Halfway into 2012, we’ve seen quite a few milestones in the universe of technology startups. The JOBS Act was signed into law, allowing startups to crowdfund from non-traditional investors, while discussion of the Stop Online Piracy Act was postponed. Facebook acquired Instagram for $1 billion, then went on to a lukewarm (or, at least, lukewarm-ly received) IPO. And the Pebble smartwatch set a Kickstarter record by raising over $10 million.
Behind these big hits, the startup landscape is gradually evolving. Paul Singh, a partner at the 500 Startups accelerator, has been traveling around the country giving talks on angel investing, in which he identifies some of the latest trends affecting startups and their fundraising efforts. Here are some of the most notable:
It isn’t news that startup costs are falling: you can power your technology with cloud servers, take advantage of open source software, and distribute your product online. But according to Singh, growing and scaling is still expensive.
“Yes, it’s getting easier to start a startup, but it’s also getting harder to actually, really build them, to really grow them,” he says. Employees will always cost money – over $120,000/year for some non-founders in Silicon Valley – and the abundance of startups means you have to constantly compete for talent.
Because costs are lower, Singh says, building reliable technology isn’t what makes you stand out; it’s getting people to use it. Angel investors aren’t just looking for a genius prototype.
It’s “no longer ‘good enough’ to depend on tech differentiation,” Singh tells startups. “I personally don’t ask about patents.” In fact, he thinks trying to patent your technology early on is a bad use of capital.
For example, Instagram wasn’t the only photo sharing app out there with sleek, funky filters, but it was the one with 30 million users. To investors (or acquirers like Facebook), this shows that the team can execute and continue bringing in users, which ultimately leads to revenue. Another example: the reason that competing with Facebook sounds ludicrous is not because of its technology, but its overwhelming traction.

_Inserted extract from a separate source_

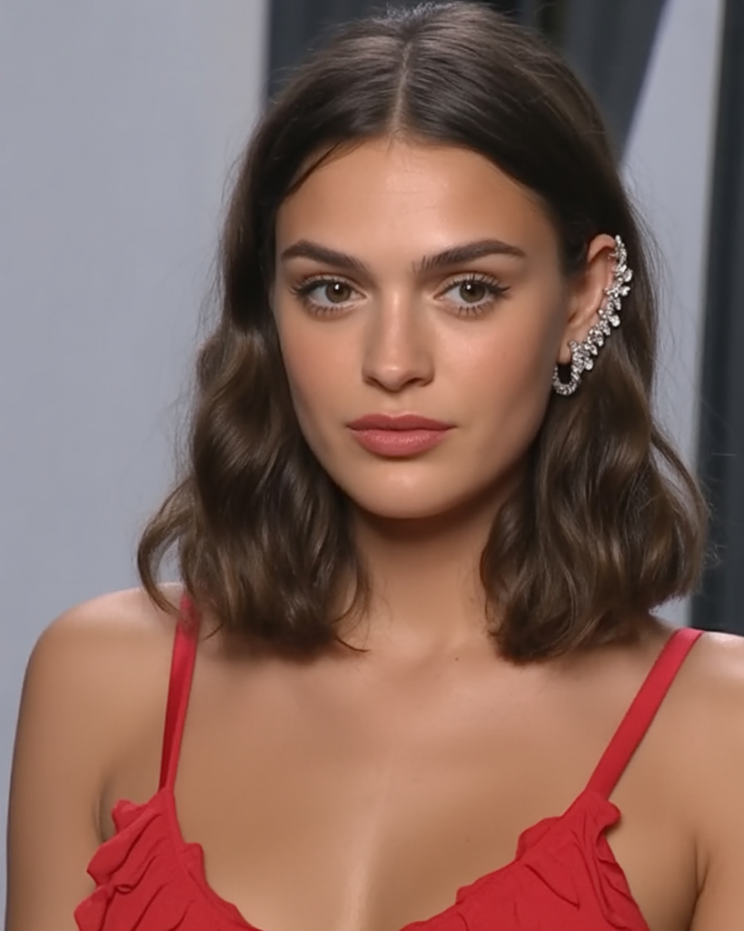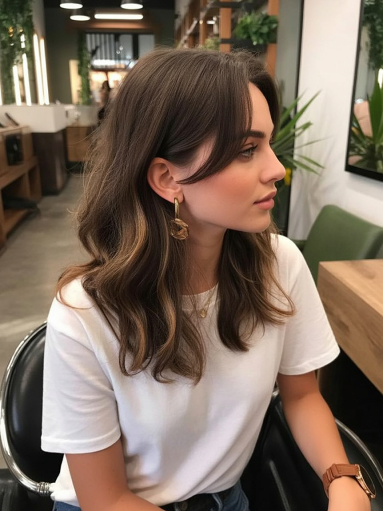 Brunette shoulder length waves have a natural beauty that radiates style and ease. The soft gentle waves create an over-all relaxed yet polished effect. That is one of the cuts that fit practically every environment, and whether you are meeting up with your friends or going to a business appointment, it will work.

We’ve already written about the higher bar for startups seeking angel funding (which might change due to the JOBS Act). Because costs are lower and startups can bootstrap further (or use Kickstarter), angels expect more sophisticated ideas when entrepreneurs come in to pitch. And while angels may prefer to invest locally, they can still get pitches from around the country, or even around the world – so yours needs to stand out.
On the flipside, there is a higher bar for angels. As Singh explains, angels have to reach startups before they get lots of media attention; otherwise, angels are competing with other angels and VCs to make an investment. That’s why he and Dave McClure fly around the world looking for startups to invest in. (Singh jokes that, to make money, you have to be the first investor in a deal or the smartest one, and he isn’t smartest.)
To deal with competition from other investors, angels have to offer better terms, or additional assets. For example, 500 Startups has a Q&A platform for its network that lets startups ask questions and schedule office hours with over 150 mentors.
“Raising the bar all around is a good thing,” Singh says.
Looking toward the rest of 2012, Yahoo and its new CEO, Marissa Mayer, could be acquiring startups to kickstart the company. Mobile will continue to rise. JOBS Act crowdfunding could be delayed until the end of 2013 (if the SEC doesn’t move faster). And competition for talent, customers, and investment will only go up, at least for the time being.